Dataset extract ::
────────────────────

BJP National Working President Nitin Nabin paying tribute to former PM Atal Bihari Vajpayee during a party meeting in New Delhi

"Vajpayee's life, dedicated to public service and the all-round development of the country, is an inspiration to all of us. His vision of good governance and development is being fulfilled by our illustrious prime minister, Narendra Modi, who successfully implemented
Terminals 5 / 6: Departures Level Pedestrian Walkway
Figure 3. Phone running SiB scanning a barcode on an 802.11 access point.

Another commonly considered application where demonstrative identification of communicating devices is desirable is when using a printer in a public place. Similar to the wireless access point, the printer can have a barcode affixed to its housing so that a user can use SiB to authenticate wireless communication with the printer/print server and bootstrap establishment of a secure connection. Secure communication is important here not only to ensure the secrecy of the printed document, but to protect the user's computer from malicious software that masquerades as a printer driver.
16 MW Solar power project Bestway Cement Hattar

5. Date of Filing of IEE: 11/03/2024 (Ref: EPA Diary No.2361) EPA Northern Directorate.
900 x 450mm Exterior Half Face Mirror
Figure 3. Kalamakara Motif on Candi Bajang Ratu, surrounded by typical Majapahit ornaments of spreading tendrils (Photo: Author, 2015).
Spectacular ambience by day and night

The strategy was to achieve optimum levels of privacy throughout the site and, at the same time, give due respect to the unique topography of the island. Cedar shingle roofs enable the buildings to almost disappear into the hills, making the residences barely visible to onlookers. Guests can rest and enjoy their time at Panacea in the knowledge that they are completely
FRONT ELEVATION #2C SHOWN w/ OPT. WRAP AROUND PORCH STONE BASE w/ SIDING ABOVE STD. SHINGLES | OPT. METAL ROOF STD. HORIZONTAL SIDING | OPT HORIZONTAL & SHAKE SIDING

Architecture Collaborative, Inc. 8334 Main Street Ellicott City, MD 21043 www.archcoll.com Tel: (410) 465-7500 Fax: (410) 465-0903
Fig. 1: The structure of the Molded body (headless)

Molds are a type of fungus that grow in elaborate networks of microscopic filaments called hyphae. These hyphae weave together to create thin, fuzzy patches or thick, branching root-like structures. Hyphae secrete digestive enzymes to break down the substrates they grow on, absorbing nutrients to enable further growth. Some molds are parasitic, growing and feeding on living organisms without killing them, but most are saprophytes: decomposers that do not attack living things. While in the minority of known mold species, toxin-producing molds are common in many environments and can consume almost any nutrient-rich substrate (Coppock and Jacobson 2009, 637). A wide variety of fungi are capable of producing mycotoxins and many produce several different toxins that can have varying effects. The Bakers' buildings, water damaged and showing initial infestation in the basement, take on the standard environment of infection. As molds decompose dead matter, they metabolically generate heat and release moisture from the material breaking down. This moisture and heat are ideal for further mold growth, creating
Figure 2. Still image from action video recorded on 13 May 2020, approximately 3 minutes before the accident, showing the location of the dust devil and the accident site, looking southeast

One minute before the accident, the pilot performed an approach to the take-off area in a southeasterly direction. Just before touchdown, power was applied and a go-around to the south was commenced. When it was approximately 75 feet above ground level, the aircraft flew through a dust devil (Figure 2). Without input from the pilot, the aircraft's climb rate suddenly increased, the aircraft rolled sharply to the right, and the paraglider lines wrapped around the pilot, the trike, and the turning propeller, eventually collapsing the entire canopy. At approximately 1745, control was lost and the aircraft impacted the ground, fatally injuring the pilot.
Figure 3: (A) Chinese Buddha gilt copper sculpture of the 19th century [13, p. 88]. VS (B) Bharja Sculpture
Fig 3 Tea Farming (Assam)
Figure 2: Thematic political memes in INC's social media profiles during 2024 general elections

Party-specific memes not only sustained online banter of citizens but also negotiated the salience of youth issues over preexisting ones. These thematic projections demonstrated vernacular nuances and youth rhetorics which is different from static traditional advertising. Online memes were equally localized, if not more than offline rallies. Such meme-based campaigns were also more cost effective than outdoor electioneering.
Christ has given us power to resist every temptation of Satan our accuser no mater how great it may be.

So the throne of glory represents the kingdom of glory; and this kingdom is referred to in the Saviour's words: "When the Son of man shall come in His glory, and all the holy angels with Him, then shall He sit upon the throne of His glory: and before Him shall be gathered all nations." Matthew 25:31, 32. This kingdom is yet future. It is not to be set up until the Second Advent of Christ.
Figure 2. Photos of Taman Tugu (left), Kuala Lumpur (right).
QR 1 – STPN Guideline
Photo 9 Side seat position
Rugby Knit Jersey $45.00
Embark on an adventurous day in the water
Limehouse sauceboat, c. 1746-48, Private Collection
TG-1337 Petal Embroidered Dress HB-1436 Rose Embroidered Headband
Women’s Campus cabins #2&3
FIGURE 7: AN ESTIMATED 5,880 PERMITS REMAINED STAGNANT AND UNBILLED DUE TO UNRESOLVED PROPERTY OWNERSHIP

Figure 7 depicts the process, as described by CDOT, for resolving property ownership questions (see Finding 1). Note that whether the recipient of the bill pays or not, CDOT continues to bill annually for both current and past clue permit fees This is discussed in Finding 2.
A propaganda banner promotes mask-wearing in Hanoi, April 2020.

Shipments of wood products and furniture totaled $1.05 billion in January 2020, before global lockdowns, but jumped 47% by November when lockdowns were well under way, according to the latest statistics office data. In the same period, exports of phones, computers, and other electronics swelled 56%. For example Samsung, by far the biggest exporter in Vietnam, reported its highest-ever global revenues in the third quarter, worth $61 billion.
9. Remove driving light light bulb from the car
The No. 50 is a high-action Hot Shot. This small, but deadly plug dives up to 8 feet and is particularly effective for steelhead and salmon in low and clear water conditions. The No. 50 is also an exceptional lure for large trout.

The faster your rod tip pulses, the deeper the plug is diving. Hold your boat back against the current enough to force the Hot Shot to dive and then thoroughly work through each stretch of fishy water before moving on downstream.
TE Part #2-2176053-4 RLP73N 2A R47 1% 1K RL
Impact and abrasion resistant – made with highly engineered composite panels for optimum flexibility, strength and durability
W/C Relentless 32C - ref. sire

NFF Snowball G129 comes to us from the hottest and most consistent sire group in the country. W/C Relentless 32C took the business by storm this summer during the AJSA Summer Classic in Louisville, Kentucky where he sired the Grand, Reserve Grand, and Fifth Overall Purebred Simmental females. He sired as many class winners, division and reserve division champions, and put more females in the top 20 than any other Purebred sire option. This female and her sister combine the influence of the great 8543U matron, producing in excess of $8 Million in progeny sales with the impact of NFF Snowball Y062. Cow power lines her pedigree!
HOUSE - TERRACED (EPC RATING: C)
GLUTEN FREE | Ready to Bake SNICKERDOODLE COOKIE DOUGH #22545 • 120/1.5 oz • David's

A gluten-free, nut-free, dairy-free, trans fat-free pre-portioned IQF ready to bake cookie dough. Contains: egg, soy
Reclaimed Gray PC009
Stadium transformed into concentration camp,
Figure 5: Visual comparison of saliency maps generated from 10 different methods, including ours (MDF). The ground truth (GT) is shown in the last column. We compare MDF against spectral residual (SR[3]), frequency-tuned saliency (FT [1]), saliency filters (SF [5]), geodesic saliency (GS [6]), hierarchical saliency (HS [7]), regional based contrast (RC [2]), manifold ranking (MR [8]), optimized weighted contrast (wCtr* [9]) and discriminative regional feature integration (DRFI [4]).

────────────────────

What the task requires :: One stretch of the lines above is wanted, from the line that contains "HOUSE - TERRACED (EPC RATING: C)" through the line that contains "Stadium transformed into". Output it exactly.

Result below ::
HOUSE - TERRACED (EPC RATING: C)
GLUTEN FREE | Ready to Bake SNICKERDOODLE COOKIE DOUGH #22545 • 120/1.5 oz • David's

A gluten-free, nut-free, dairy-free, trans fat-free pre-portioned IQF ready to bake cookie dough. Contains: egg, soy
Reclaimed Gray PC009
Stadium transformed into concentration camp,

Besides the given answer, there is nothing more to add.